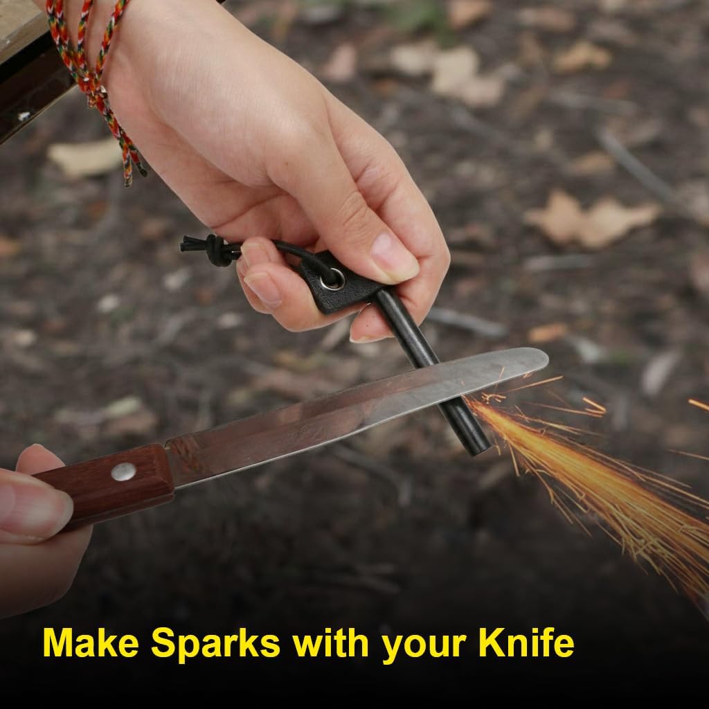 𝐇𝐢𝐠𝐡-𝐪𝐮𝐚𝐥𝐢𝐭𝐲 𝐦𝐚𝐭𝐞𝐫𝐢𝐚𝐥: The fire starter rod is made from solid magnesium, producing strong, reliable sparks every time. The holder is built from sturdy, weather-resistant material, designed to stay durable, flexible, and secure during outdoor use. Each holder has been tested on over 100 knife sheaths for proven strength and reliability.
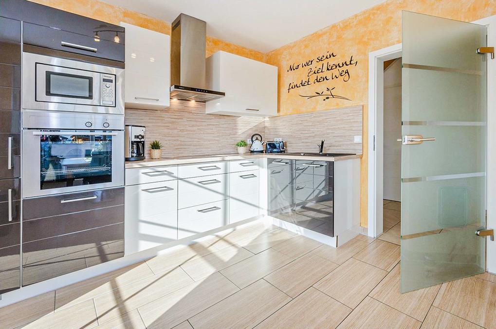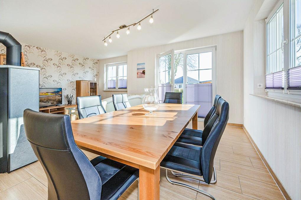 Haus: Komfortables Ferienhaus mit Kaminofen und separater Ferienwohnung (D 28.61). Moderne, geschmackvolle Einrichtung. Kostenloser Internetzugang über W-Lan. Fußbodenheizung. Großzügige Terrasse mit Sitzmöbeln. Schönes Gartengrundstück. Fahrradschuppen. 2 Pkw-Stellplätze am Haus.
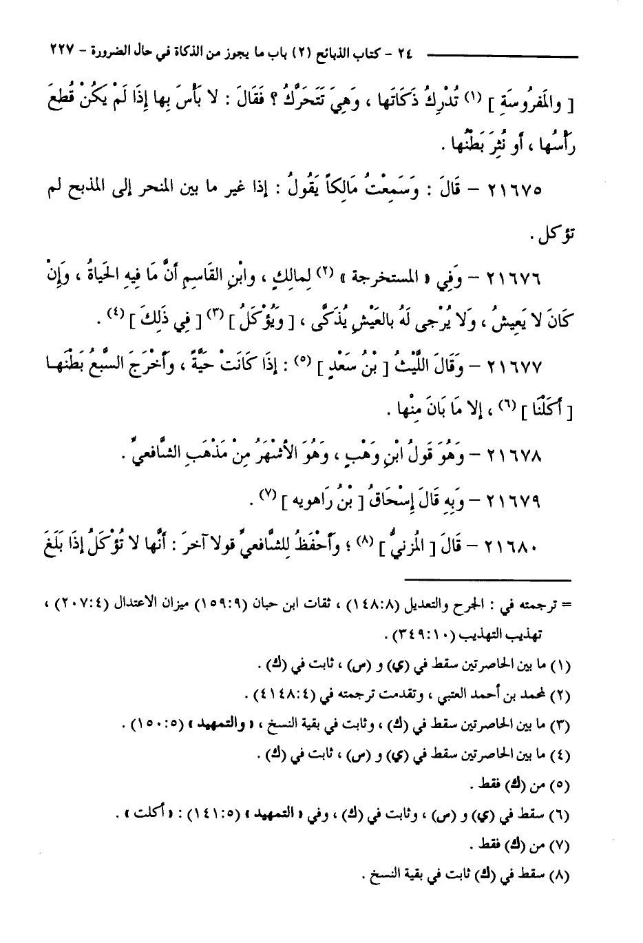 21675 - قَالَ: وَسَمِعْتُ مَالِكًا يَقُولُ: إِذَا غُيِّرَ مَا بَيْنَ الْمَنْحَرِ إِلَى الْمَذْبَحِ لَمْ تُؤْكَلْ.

* * *

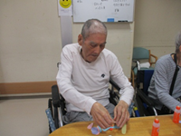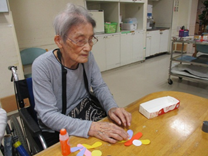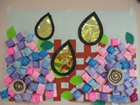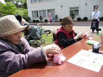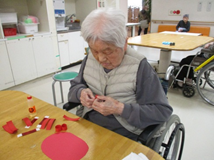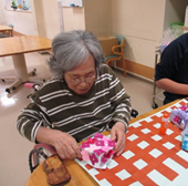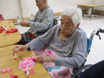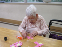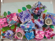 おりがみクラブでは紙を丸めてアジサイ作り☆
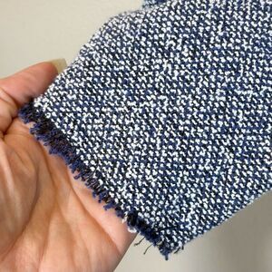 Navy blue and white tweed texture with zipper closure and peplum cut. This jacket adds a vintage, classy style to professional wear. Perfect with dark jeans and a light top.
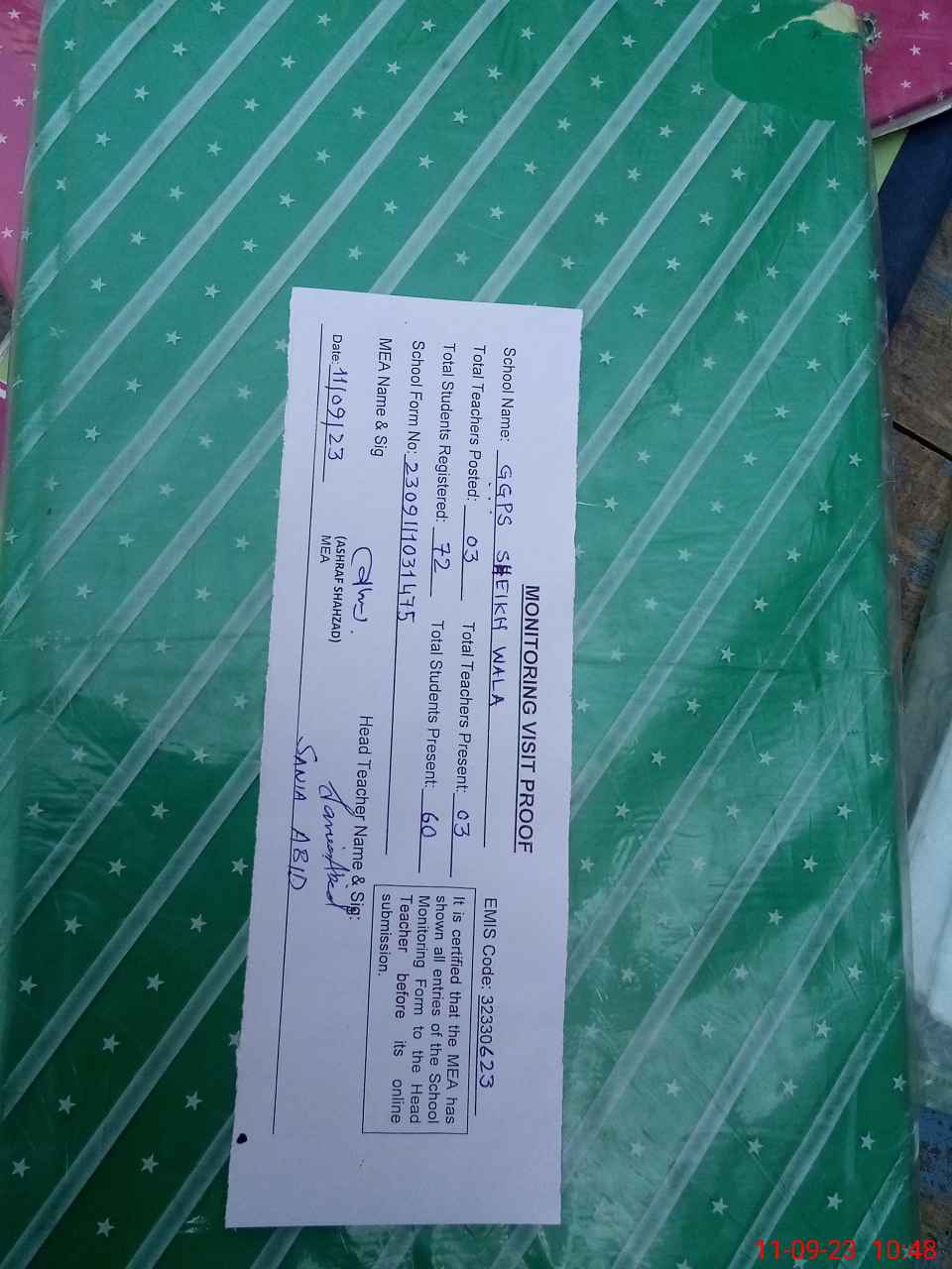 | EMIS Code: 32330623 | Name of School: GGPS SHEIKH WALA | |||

- **DIRECTIONS FOR THIS TASK**
Using the entries above, repeat exactly the lines from the one with "𝐇𝐢𝐠𝐡-𝐪𝐮𝐚𝐥𝐢𝐭𝐲 𝐦𝐚𝐭𝐞𝐫𝐢𝐚𝐥: The" to the one with "21675 - قَالَ: وَسَمِعْتُ", both included, and leave the pictures behind.

- **ANSWER**
 𝐇𝐢𝐠𝐡-𝐪𝐮𝐚𝐥𝐢𝐭𝐲 𝐦𝐚𝐭𝐞𝐫𝐢𝐚𝐥: The fire starter rod is made from solid magnesium, producing strong, reliable sparks every time. The holder is built from sturdy, weather-resistant material, designed to stay durable, flexible, and secure during outdoor use. Each holder has been tested on over 100 knife sheaths for proven strength and reliability.
 Haus: Komfortables Ferienhaus mit Kaminofen und separater Ferienwohnung (D 28.61). Moderne, geschmackvolle Einrichtung. Kostenloser Internetzugang über W-Lan. Fußbodenheizung. Großzügige Terrasse mit Sitzmöbeln. Schönes Gartengrundstück. Fahrradschuppen. 2 Pkw-Stellplätze am Haus.
 21675 - قَالَ: وَسَمِعْتُ مَالِكًا يَقُولُ: إِذَا غُيِّرَ مَا بَيْنَ الْمَنْحَرِ إِلَى الْمَذْبَحِ لَمْ تُؤْكَلْ.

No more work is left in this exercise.